相原瑞生「北海道開拓の現実 -北見市:北光社を事例として-」。北光社は坂本龍馬の甥である坂本直寛によって組織化された移民団で、1897(明治三十)年に入植した。北海道開拓は非常に個人的に興味があるテーマだが時間がなかったのですべては読めなかった。どこかできちんと読みたい。

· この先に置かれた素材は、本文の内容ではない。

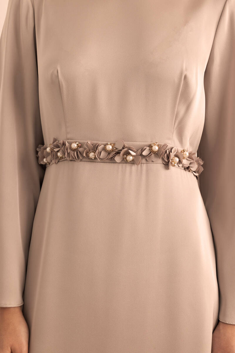 Somon Desenli Beli Bağlama Detaylı Elbise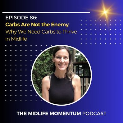 midlifestressmidlifenutritionmidlifemomentumpodcastreenergizedinmidlifeenergybuildingmusclecarbscarbsinmidlifecarbohydratesinsulinbloating

遠藤鈴香「ファンコミュニティの文化的様相ー日韓アイドルファンの動向を比較として-」
高橋麻衣「医療現場の死と向き合う」
高村拓弥「我々の食は誰が守るのかーコロナ禍のフード・セキュリティー」
小國直輝「関西人としての意識と東北--オートエスノグラフィ序説-」
・まとめ
そのほか、文芸学科があるのは驚いた。
ファインアート系ではやはり絵画の大学院生(修士)の展示はどれも見ごたえがあった。ただパフォーマンスやいかにも現代美術っぽいインスタレーション的な作品やリサーチベースの作品はほぼゼロで(それは決して悪いことではない)、学生がどういう作品に興味があり何から影響を受けているのかは気になった。コミュニティデザイン学科や企画構想学科(この二つの学科はけっこう似ているように思う)、総合美術コース、文化財保存修復学科、歴史遺産学科にもたくさん興味深い研究があり非常に刺激的だった。いずれ論文を検索して読んでみたい。時間がなくて映像学科や文芸学科の研究発表にほとんど時間が割けなかったのが悔やまれる。また来年度も来たい。